[Data shown Boundary: Start]
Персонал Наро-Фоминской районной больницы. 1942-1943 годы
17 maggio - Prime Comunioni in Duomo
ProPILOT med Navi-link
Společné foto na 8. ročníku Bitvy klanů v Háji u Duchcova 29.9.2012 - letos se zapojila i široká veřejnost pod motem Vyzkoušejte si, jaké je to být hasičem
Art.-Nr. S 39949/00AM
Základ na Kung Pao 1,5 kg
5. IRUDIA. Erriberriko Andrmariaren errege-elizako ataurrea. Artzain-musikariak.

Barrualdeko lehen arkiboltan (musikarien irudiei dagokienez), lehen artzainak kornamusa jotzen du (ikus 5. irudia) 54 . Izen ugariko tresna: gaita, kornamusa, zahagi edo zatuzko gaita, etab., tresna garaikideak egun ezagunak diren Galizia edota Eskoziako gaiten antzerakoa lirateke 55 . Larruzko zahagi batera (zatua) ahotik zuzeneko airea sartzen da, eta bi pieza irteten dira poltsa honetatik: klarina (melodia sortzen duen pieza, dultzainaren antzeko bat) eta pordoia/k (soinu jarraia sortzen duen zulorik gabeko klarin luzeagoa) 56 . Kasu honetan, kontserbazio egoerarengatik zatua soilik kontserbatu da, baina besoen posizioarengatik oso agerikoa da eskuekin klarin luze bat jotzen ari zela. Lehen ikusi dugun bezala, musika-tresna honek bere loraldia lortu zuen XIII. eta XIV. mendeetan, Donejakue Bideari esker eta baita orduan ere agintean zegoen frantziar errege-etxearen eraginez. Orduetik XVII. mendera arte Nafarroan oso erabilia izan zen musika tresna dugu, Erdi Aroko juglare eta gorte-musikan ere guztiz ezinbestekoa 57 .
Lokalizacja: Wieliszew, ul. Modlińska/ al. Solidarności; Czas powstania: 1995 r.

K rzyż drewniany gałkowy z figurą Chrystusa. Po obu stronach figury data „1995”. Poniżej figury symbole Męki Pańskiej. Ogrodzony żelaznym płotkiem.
[Data shown Boundary: End]
[Data shown Boundary: Start]
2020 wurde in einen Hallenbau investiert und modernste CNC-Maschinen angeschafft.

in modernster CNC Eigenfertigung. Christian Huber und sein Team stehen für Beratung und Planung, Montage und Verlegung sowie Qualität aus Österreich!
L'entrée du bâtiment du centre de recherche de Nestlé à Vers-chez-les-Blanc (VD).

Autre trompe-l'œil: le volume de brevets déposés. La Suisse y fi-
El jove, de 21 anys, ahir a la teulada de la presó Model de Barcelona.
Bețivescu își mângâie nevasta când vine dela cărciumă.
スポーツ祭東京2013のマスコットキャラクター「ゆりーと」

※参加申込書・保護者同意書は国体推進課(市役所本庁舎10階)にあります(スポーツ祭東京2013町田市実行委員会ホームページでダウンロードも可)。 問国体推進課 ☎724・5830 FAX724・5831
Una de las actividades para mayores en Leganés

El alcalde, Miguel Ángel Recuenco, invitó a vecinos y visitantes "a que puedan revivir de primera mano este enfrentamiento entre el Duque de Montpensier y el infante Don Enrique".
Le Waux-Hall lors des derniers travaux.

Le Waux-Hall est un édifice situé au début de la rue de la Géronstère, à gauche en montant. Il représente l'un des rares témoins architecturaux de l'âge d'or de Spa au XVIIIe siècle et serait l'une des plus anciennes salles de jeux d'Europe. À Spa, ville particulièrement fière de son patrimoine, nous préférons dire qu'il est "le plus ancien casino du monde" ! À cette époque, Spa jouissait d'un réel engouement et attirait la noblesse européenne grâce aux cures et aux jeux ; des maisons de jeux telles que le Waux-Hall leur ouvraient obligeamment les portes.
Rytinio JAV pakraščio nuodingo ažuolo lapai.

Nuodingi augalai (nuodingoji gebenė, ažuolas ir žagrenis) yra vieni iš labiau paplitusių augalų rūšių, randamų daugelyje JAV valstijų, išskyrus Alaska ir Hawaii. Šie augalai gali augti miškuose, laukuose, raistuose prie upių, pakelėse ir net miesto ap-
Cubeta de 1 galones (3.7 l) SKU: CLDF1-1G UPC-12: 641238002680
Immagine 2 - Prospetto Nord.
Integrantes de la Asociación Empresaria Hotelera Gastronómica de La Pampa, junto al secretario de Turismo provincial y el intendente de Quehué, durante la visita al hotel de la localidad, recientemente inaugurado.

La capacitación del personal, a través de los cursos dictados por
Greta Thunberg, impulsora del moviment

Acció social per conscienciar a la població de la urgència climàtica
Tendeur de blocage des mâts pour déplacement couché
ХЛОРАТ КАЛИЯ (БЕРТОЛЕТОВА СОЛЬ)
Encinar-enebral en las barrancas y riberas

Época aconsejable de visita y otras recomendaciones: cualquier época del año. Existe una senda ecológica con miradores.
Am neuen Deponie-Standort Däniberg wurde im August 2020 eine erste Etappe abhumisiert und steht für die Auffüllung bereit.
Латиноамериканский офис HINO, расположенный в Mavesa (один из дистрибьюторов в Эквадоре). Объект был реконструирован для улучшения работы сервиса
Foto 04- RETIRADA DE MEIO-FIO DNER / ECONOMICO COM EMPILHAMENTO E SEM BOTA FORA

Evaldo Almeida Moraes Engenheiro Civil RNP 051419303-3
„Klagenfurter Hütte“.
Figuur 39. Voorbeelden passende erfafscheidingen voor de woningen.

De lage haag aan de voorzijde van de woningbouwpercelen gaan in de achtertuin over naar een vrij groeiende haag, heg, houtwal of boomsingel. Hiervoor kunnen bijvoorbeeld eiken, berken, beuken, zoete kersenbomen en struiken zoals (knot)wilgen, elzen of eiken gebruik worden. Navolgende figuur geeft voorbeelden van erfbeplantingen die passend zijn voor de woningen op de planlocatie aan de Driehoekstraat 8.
[Data shown Boundary: End]
[Data shown Boundary: Start]
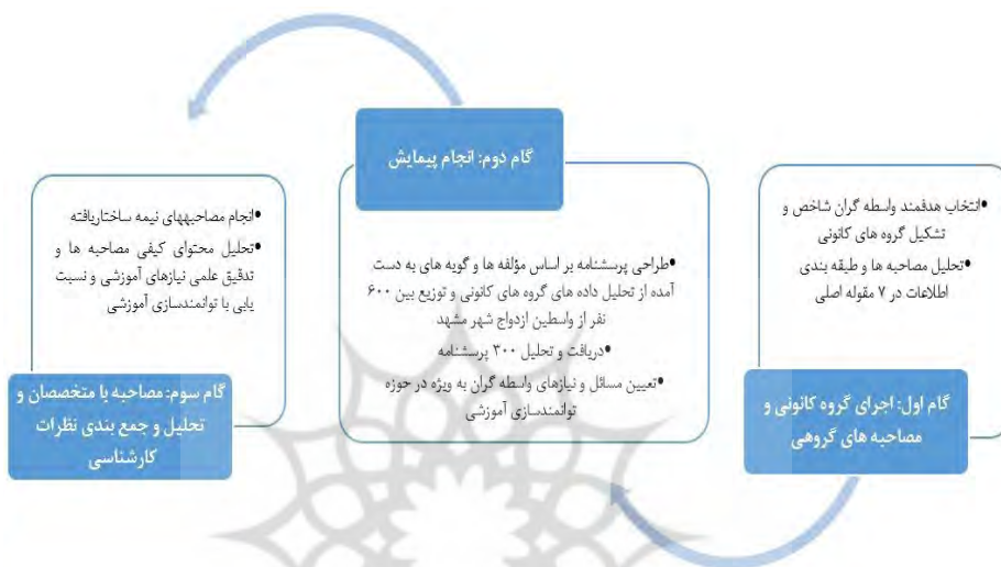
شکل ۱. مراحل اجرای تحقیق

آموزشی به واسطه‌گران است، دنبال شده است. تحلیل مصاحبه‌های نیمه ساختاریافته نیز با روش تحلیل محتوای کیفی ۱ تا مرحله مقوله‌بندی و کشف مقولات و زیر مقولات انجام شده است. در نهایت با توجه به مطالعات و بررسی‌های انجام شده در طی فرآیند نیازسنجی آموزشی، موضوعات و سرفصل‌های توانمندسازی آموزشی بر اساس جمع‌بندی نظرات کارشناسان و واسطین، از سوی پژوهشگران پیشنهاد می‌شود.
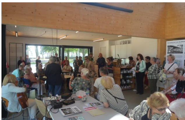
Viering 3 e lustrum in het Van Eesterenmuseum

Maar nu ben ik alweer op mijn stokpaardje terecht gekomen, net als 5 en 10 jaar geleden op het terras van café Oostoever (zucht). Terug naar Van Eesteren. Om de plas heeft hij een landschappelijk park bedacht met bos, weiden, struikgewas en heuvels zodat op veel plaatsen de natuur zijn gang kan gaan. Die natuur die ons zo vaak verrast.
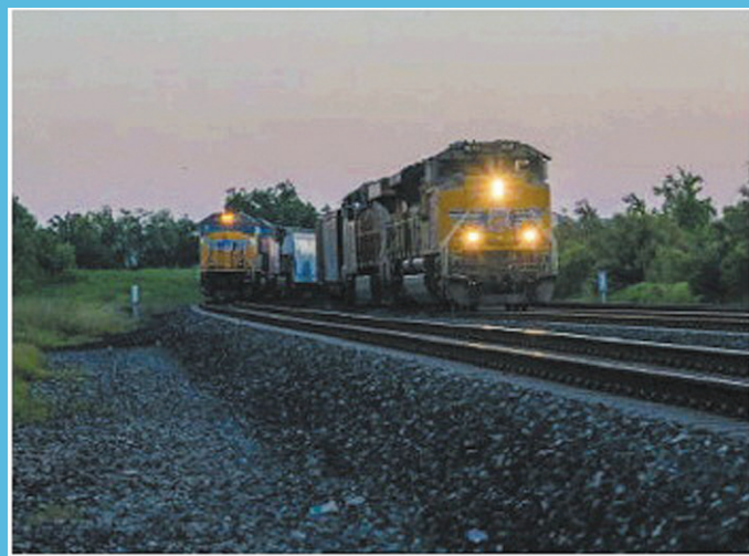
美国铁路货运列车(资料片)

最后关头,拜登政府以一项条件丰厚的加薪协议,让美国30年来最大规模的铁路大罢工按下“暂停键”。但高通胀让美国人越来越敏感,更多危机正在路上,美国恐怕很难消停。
[Data shown Boundary: End]
**Problem description:**
Out of the entries above, write out only the lines between the line holding "Figuur 39. Voorbeelden" and the line holding "De lage haag", inclusive, each exactly as given.

**Output below:**
Figuur 39. Voorbeelden passende erfafscheidingen voor de woningen.

De lage haag aan de voorzijde van de woningbouwpercelen gaan in de achtertuin over naar een vrij groeiende haag, heg, houtwal of boomsingel. Hiervoor kunnen bijvoorbeeld eiken, berken, beuken, zoete kersenbomen en struiken zoals (knot)wilgen, elzen of eiken gebruik worden. Navolgende figuur geeft voorbeelden van erfbeplantingen die passend zijn voor de woningen op de planlocatie aan de Driehoekstraat 8.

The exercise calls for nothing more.